Greta Thunberg Joins Climate Activists in German Protest
Climate activist Greta Thunberg was among a group of climate activists who were detained during a protest against the demolition of a German village to make way for a coalmine. The protest took place at the opencast Garzweiler 2 mine, located about 5 miles from the village of Lützerath.
Greta Thunberg Detained at Coalmine Protest
Thunberg joined the protesters on Friday and was detained after sitting near the edge of the mine.
Greta Thunberg Calls for Action Against German Coal Expansion
According to a police officer, the activists were told “We are going to use force to bring you to the identity check, so please cooperate.” Thunberg was seen sitting alone in a large police bus after being detained.
Riot police, backed by bulldozers, removed activists from buildings in the village over the weekend. However, protesters including Thunberg remained at the site and staged a sit-in into Tuesday.
A spokesperson for Aachen police said: “Greta Thunberg was part of a group of activists who rushed towards the ledge. However, she was then stopped and carried by us with this group out of the immediate danger area to establish their identity.” The spokesperson also mentioned that one activist jumped into the mine, but it was not clear whether this person was injured or not.

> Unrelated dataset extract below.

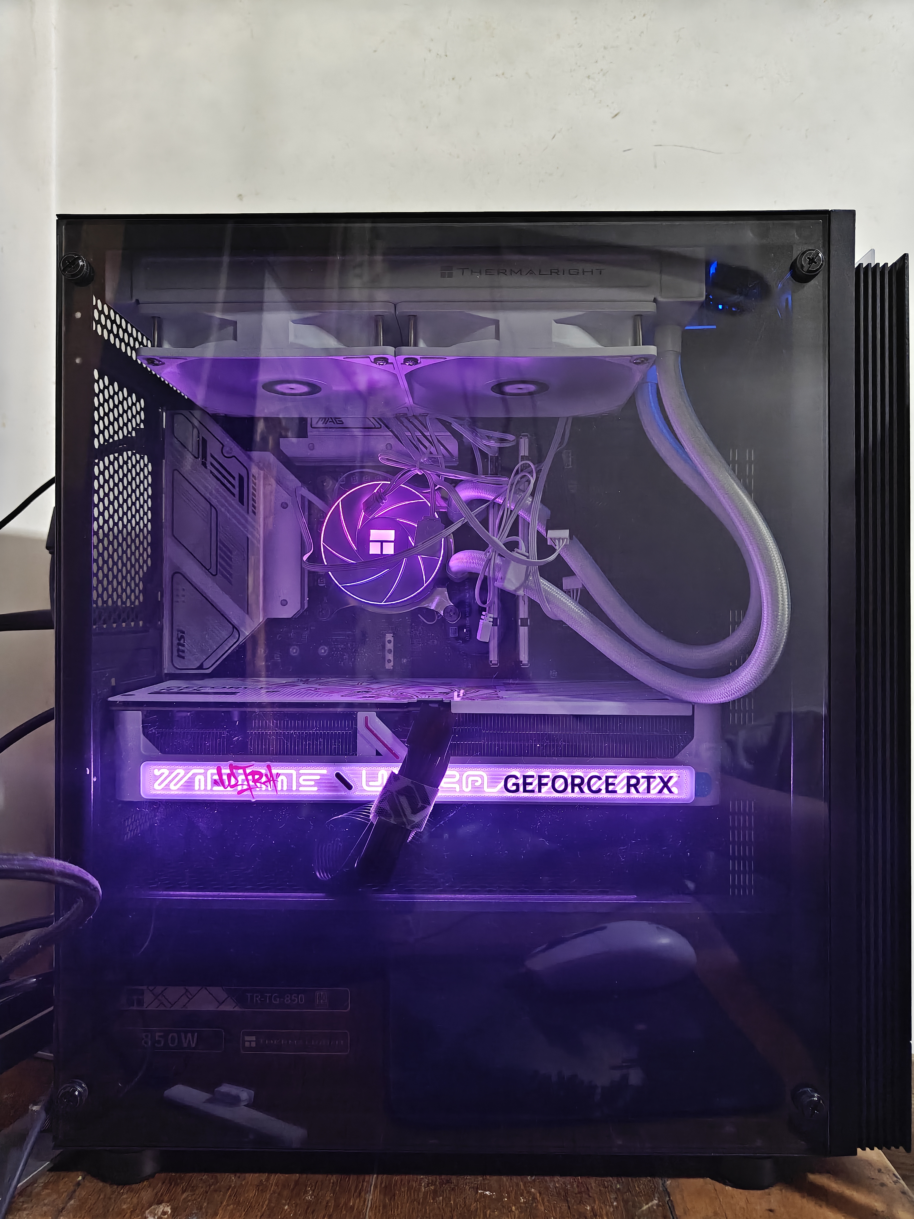 水冷。现在装机不仅仅是让他能 跑起来 更是美观和 R!G!B! ,但是,这个水冷一共有三个RGB线,但是主板上只有一个RGB接口,听说是要做 神光同步 的,但是你既然包装内没带集线器那我就不接了,反正对我来说 R!G!B! 是徒增功耗(不过这小灯确实挺好看的

Greta Thunberg Speaks to Protesters at Lützerath March
Thunberg was among other activists who were released after an identity check, according to police. The Swedish climate activist addressed the around 6,000 protesters who marched towards Lutzerath on Saturday, calling the expansion of the mine a “betrayal of present and future generations.”
“Germany is one of the biggest polluters in the world and needs to be held accountable,” she said.
This is the second time that Thunberg has been moved on by police in the village this week. The local Aachen police force said Thunberg was part of a group of protesters that “stormed” towards the edge of the open-cast mine, which the police described as “steep and extremely dangerous.” The police confirmed that Thunberg was not arrested but was instead carried along with other protesters for identification.
Greta Thunberg and Activists Stand Against Coalmine Expansion in Lützerath
The tiny hamlet of Lützerath, located in North Rhine-Westphalia, is owned by utility firm RWE and has been emptied ahead of its demolition to allow for the expansion of the nearby Garzweiler coal mine.
Ministers and RWE argue that lignite, a form of coal that is considered by activists as the most health-harming, dug up from the mine will ensure Germany’s energy security in the short term. However, environmentalists want Germany to take immediate action on fossil fuels and are opposing the expansion of the coal mine. They argue that bulldozing the village to make way for the site would result in huge amounts of greenhouse gas emissions from the mined fossil fuels.
Protesters moved into the abandoned homes of former residents two years ago. The group LuetziBleibt – which translates as Luetzi is Staying – claimed earlier this month that there were “around a couple of hundred people” hunkered down in the village.
Greta Thunberg’s Arrest: A symbol of the Climate Movement’s determination
In conclusion, Greta Thunberg was among a group of climate activists who were detained during a protest against the demolition of a German village to make way for a coalmine. Despite the police’s effort to remove the protesters, Thunberg and other activists remained at the site staging a sit-in. The protest is in opposition to the expansion of the nearby Garzweiler coal mine and the bulldozing of the village of Lützerath, which environmentalists argue will result in huge amounts of greenhouse gas emissions.